--- Data block ---

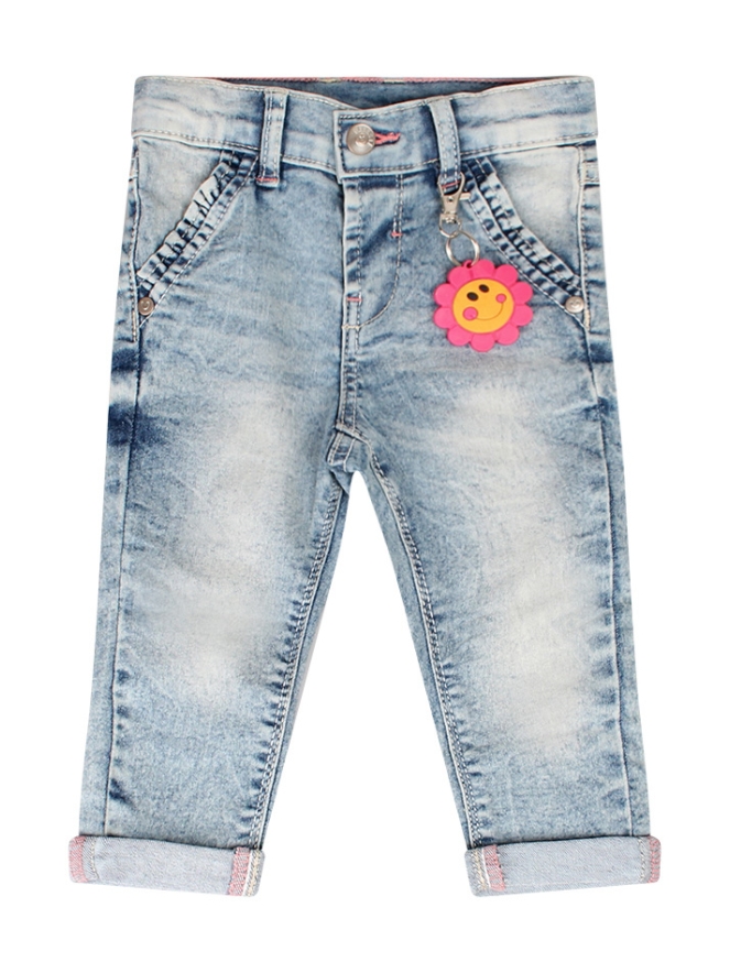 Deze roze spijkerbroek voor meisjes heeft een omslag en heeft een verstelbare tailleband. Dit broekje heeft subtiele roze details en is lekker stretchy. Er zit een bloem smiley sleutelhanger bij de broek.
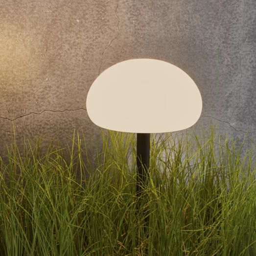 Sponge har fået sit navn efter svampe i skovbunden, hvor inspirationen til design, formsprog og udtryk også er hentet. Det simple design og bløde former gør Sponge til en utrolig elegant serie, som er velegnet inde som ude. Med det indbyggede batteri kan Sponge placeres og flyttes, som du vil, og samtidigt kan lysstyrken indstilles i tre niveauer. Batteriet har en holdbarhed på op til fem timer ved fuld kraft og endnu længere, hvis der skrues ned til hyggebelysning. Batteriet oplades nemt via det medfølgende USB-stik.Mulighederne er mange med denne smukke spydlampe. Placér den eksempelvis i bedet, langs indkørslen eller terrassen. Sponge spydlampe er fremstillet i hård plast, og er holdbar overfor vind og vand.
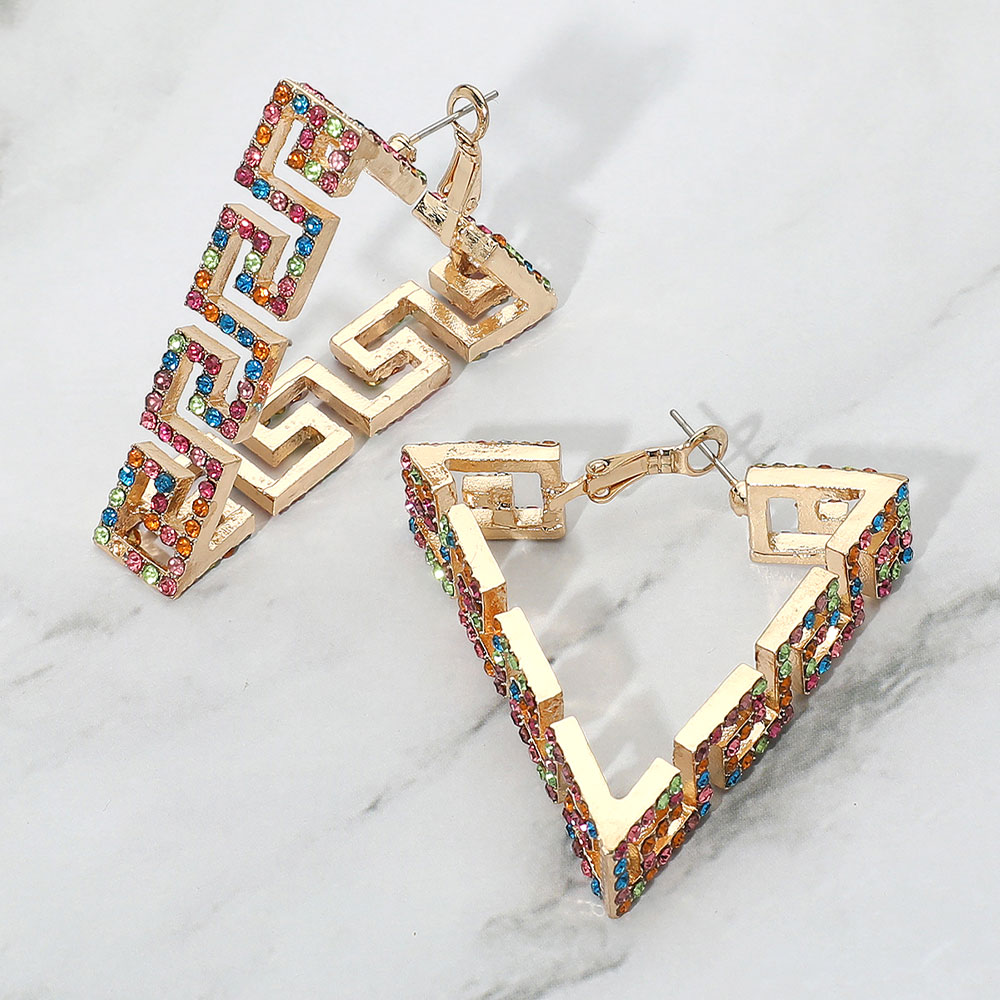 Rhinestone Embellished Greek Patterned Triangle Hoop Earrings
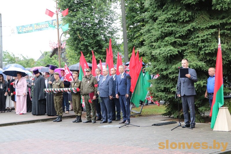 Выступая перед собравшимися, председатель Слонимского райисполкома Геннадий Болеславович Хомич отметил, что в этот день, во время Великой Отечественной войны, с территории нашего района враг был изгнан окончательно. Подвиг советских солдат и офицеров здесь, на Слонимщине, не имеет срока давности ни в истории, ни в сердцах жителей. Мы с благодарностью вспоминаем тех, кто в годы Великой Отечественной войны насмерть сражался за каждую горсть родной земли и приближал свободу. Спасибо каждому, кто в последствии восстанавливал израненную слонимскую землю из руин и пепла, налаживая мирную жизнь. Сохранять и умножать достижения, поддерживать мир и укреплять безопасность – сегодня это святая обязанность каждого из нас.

--- Task item ---
Reproduce every line above exactly, pictures excluded.

--- Task output ---
 Deze roze spijkerbroek voor meisjes heeft een omslag en heeft een verstelbare tailleband. Dit broekje heeft subtiele roze details en is lekker stretchy. Er zit een bloem smiley sleutelhanger bij de broek.
 Sponge har fået sit navn efter svampe i skovbunden, hvor inspirationen til design, formsprog og udtryk også er hentet. Det simple design og bløde former gør Sponge til en utrolig elegant serie, som er velegnet inde som ude. Med det indbyggede batteri kan Sponge placeres og flyttes, som du vil, og samtidigt kan lysstyrken indstilles i tre niveauer. Batteriet har en holdbarhed på op til fem timer ved fuld kraft og endnu længere, hvis der skrues ned til hyggebelysning. Batteriet oplades nemt via det medfølgende USB-stik.Mulighederne er mange med denne smukke spydlampe. Placér den eksempelvis i bedet, langs indkørslen eller terrassen. Sponge spydlampe er fremstillet i hård plast, og er holdbar overfor vind og vand.
 Rhinestone Embellished Greek Patterned Triangle Hoop Earrings
 Выступая перед собравшимися, председатель Слонимского райисполкома Геннадий Болеславович Хомич отметил, что в этот день, во время Великой Отечественной войны, с территории нашего района враг был изгнан окончательно. Подвиг советских солдат и офицеров здесь, на Слонимщине, не имеет срока давности ни в истории, ни в сердцах жителей. Мы с благодарностью вспоминаем тех, кто в годы Великой Отечественной войны насмерть сражался за каждую горсть родной земли и приближал свободу. Спасибо каждому, кто в последствии восстанавливал израненную слонимскую землю из руин и пепла, налаживая мирную жизнь. Сохранять и умножать достижения, поддерживать мир и укреплять безопасность – сегодня это святая обязанность каждого из нас.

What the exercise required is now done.